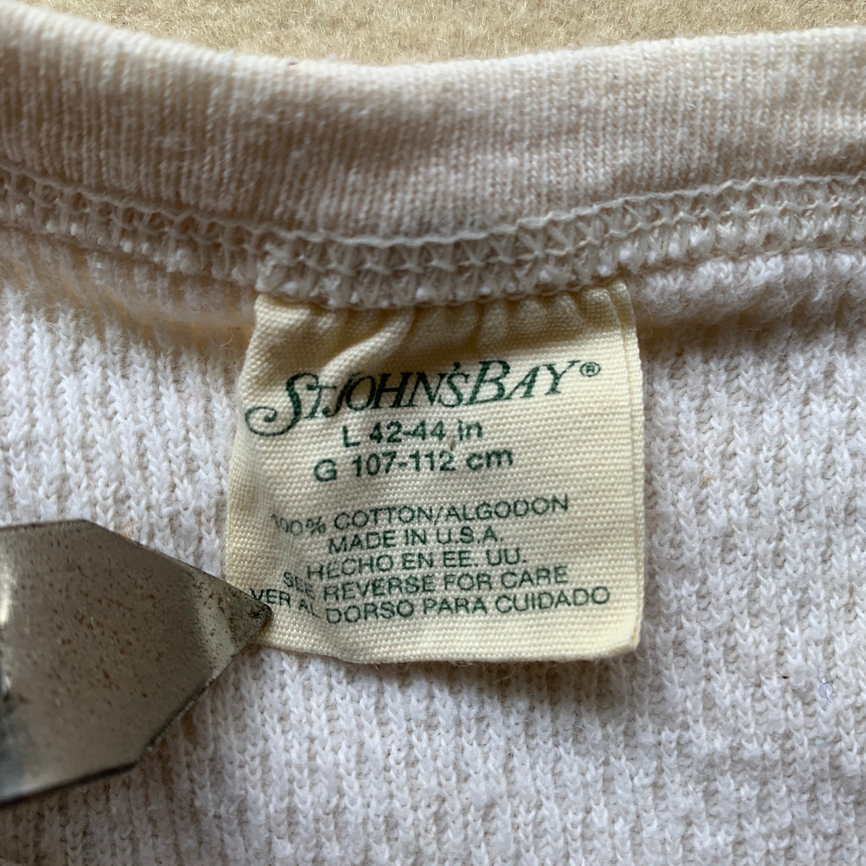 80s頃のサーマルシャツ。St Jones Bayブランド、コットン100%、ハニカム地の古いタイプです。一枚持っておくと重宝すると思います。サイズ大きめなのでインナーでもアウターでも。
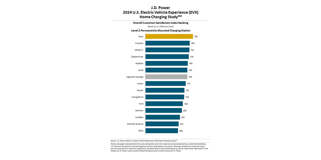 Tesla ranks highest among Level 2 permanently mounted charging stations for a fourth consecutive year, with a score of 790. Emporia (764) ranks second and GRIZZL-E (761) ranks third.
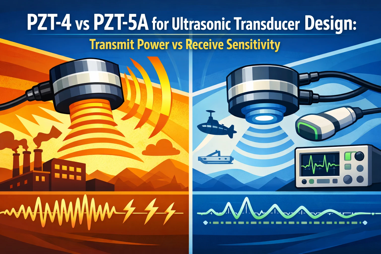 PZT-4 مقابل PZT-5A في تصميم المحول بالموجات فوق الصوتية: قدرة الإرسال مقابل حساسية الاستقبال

==

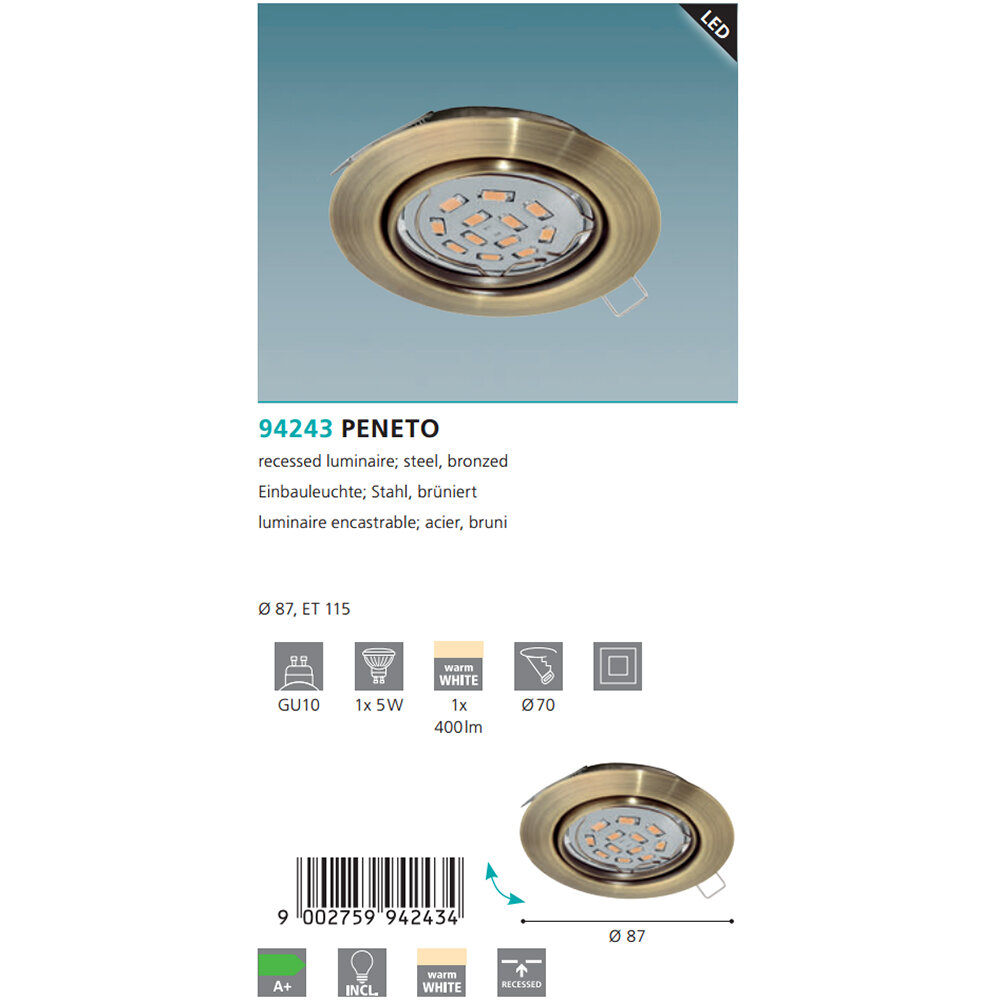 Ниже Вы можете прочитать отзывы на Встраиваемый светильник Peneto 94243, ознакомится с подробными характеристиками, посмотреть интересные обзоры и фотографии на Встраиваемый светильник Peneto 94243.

* * *

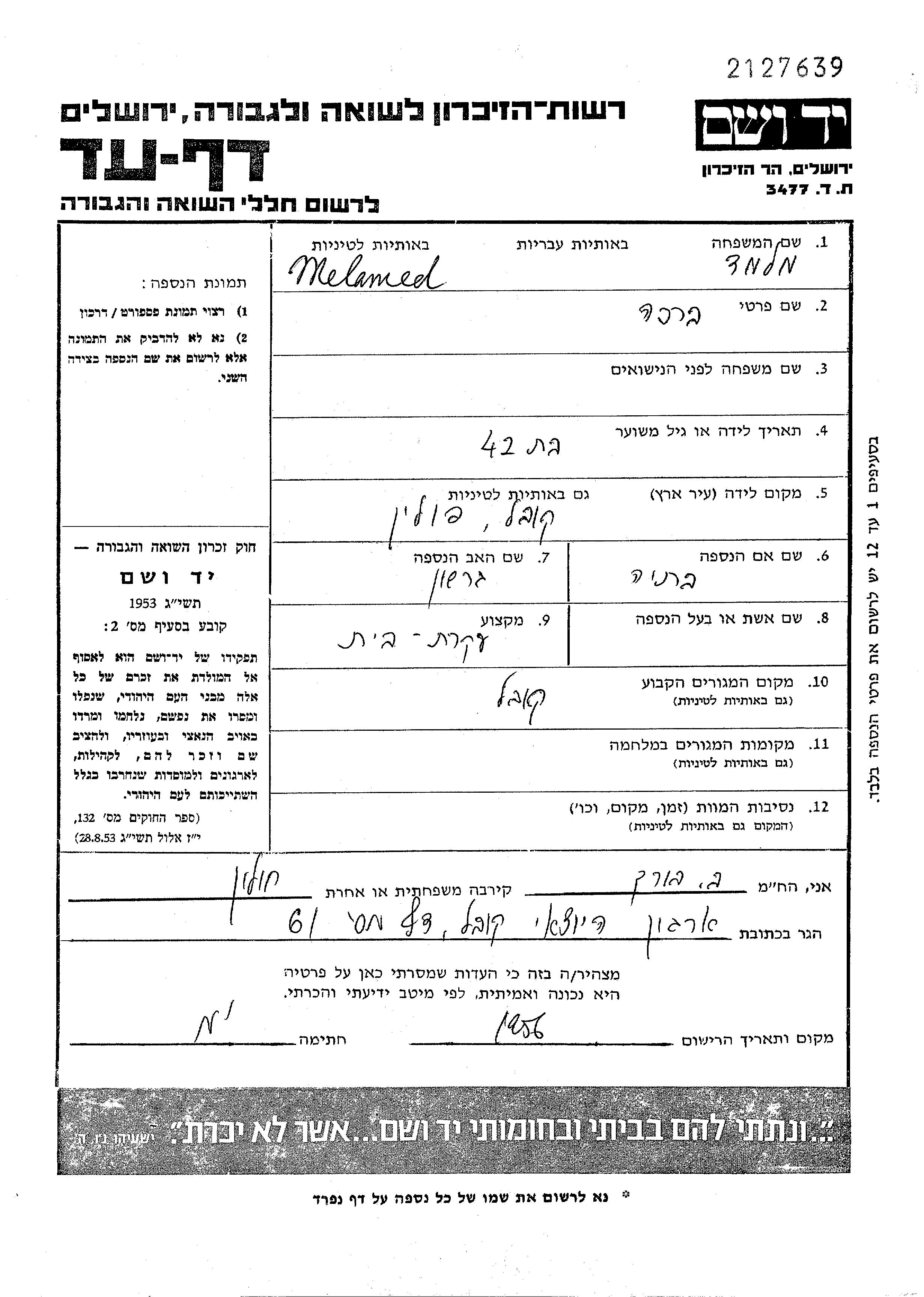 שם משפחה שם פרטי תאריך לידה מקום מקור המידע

| WHAT NEEDS TO BE DONE |
Lines from the one above containing "Tesla ranks highest" down to the one containing "PZT-4 مقابل PZT-5A" should be transcribed exactly, with both ends kept and no pictures.

| SOLUTION TO THE PROBLEM |
 Tesla ranks highest among Level 2 permanently mounted charging stations for a fourth consecutive year, with a score of 790. Emporia (764) ranks second and GRIZZL-E (761) ranks third.
 PZT-4 مقابل PZT-5A في تصميم المحول بالموجات فوق الصوتية: قدرة الإرسال مقابل حساسية الاستقبال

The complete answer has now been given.